The FANTASTIC (yes, all caps) first season of Homeland finished up with a double-episode last night on TV3, giving us a few scenes it had pretty much committed itself to, but ending the story in a place that I don't think anyone really expected it to end. Well, I wasn't expecting it - and while the show was FANTASTIC, that end point has me a little concerned. A few more thoughts, right after this elaborate spoiler warning.
(Warning: MAJOR spoilers follow from last night's finale, and the entire first season, of Homeland.)
Let's start by being completely honest: did anyone really believe that Brody was going to end up splattered all over the walls of that little bunker, along with everyone else in the room?* I know I didn't.
As far back as last week, it became clear that exploding a collection of dignitaries was Brody's evil master plan, but it also seemed highly unlikely that it would actually happen. Sure, that's mostly because of expectations (aside from the odd show like Game Of Thrones, lead actors just don't get killed off without plenty of fanfare). However, it did mean that the story wasn't just whether Brody would pull off his plan, but how he'd eventually be thwarted.
It also meant that the focus expanded from the actions of just one guy ("oh no, will Brody do it?!") to the actions of a wider group of characters (Carrie, Saul, and David especially) that we've come to know and love over the last few months - and in that way, it's a subtle stroke of genius on the part of producers Alex Gansa and Howard Gordon.
Gansa and Gordon have done a wonderful job of using the small details - the minutiae of the story they're telling - to great effect. Small moments like Walker cutting a hole in a window then setting up that poor woman's dining table, or the clever way Walker and Brody beat the security detail at the entrance, have turned the broader strokes of Homeland into a more complete story, and in many ways kept us on the edge of our seat as we got to this end point.
The pair have also done a great job with fashioning the characters and relationships at the centre of this tale.
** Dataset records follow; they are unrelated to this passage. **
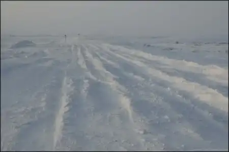 19) Снег топчут тракторами, поливают кипятком и потом ровняют такими чугунными чушками и ставят вешки. Получается настоящая широченная ледяная дорога, хотя и волнистая местами. С каждым снегопадом она становится всё лучше, и отдельные психи прорываются по ней аж до мая (на 6х6 КАМАЗах, конечно).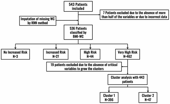 Patient inclusion flowchart. BMI: Body Mass Index; KNN: k-nearest neighbors (KNN) algorithm; WC: Waist Circumference.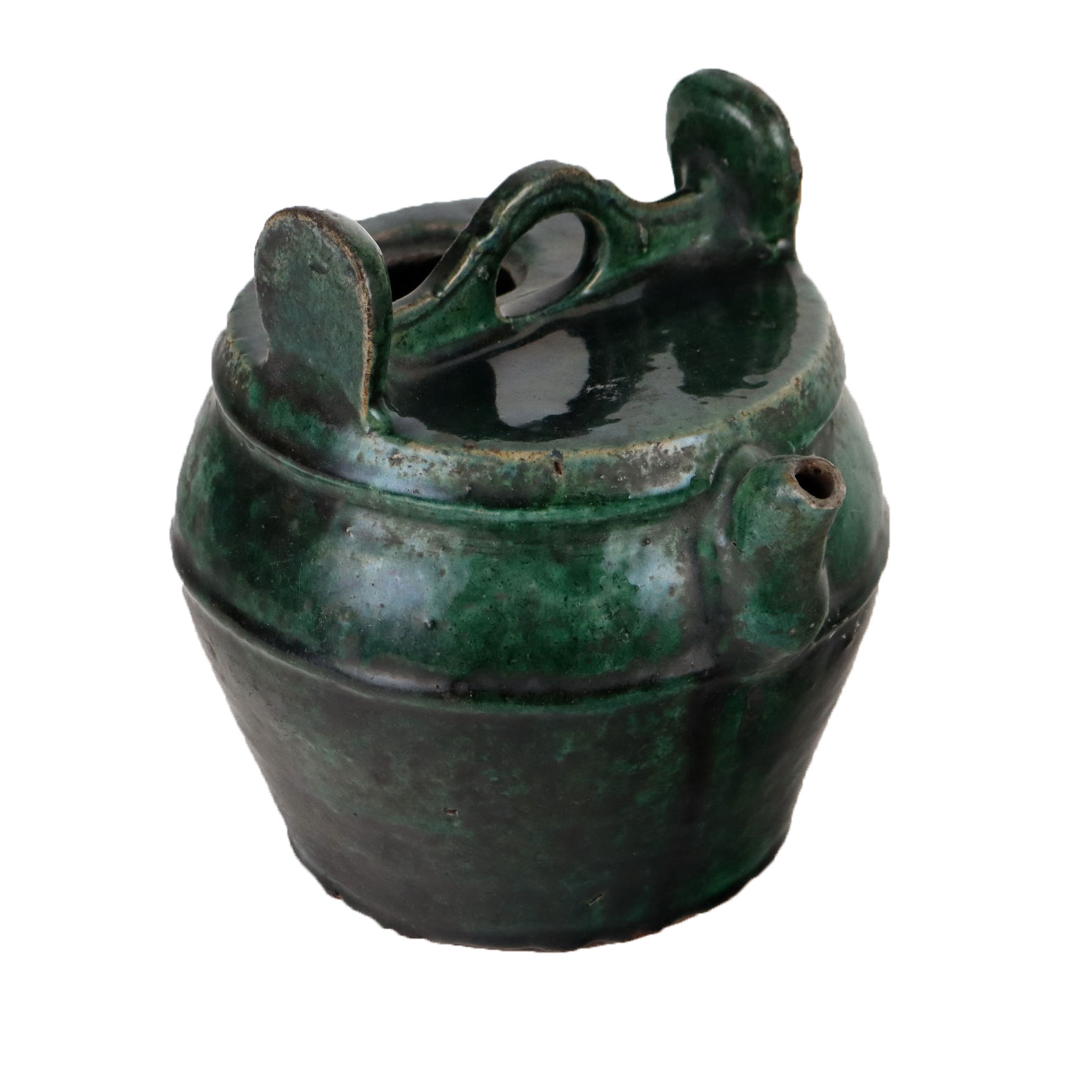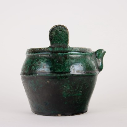 Recipiente per il trasporto dell'acqua in ceramica invetriata color verde oliva. Realizzato in modo miniaturistico poiché facente parte di un corredo funerario.

As other reviewers have pointed out, Carrie is the only person who knows the truth of what Brody was trying to do, while Brody is the only person who knows that Carrie was right (and, by using Brody's daughter Dana, she managed to stop Brody from going through with his attack). And that complication adds another twisted layer to their relationship, one that should provide some intrigue heading into a second season.
The relationship between our two leads has been the magic at the core of the series so far, so keeping that magic through the finale, and presumably on into next year, is the best way forward. Of course it helps that Claire Danes and Damian Lewis turned in the performances of their lives. It's safe to say they're probably the best 1-2 on all of television right now, with quality support from Mandy Patinkin, Monica Baccarin and David Harewood.
We also leave Brody at a really interesting place in his story. It seemed a little convenient that Brody was able to convince Abu Nazir of his new plan to infiltrate the government (even if I have been manipulated to think it was a better plan to blow himself and a good portion of the American government into smithereens), but seeing that unfold should provide an interesting basis for a second season.
Plus, Brody's personal life is under threat, even if he has joined the inner sanctum of soon-to-be president William Walden (played by Jamey "Randall Flagg" Sheridan). How will Dana respond to the revelation that her dad was in cahoots with a known terrorist? What does Jess make of everything that just happened? Those are intriguing wrinkles, and I hope they pan out.
Less convincing is the position we leave Carrie in and what part she'll play going forward. Carrie's personal, emotional unravelling over the last few weeks has been riveting to watch (with Danes rising to the occasion**), but electro-shock therapy - and the short-term memory loss that goes with it - is going to leave her at a disadvantage when we come back to this story. We can only hope that her therapy doesn't do too much damage.
But for right now, we can look back at a near perfect season of television, regardless of whatever lingering questions we might have going forward. Homeland (and TV3) just gave us 12 episodes of truly engrossing television, featuring one of the most interesting stories around, with performances from one of the greatest ensembles put together on a single show. I loved it, and I can't wait for more.
What did you think of the first season of Homeland? Did you love it as much as I did? How do you feel about the finale - do you think it did a good job of wrapping up the season? And are you excited for more?
(*) Or, to use a visual from earlier in the season, that his head would be the only part that survived the explosion?
(**) This seems like a good place to say that we should give Claire Danes ALL THE AWARDS.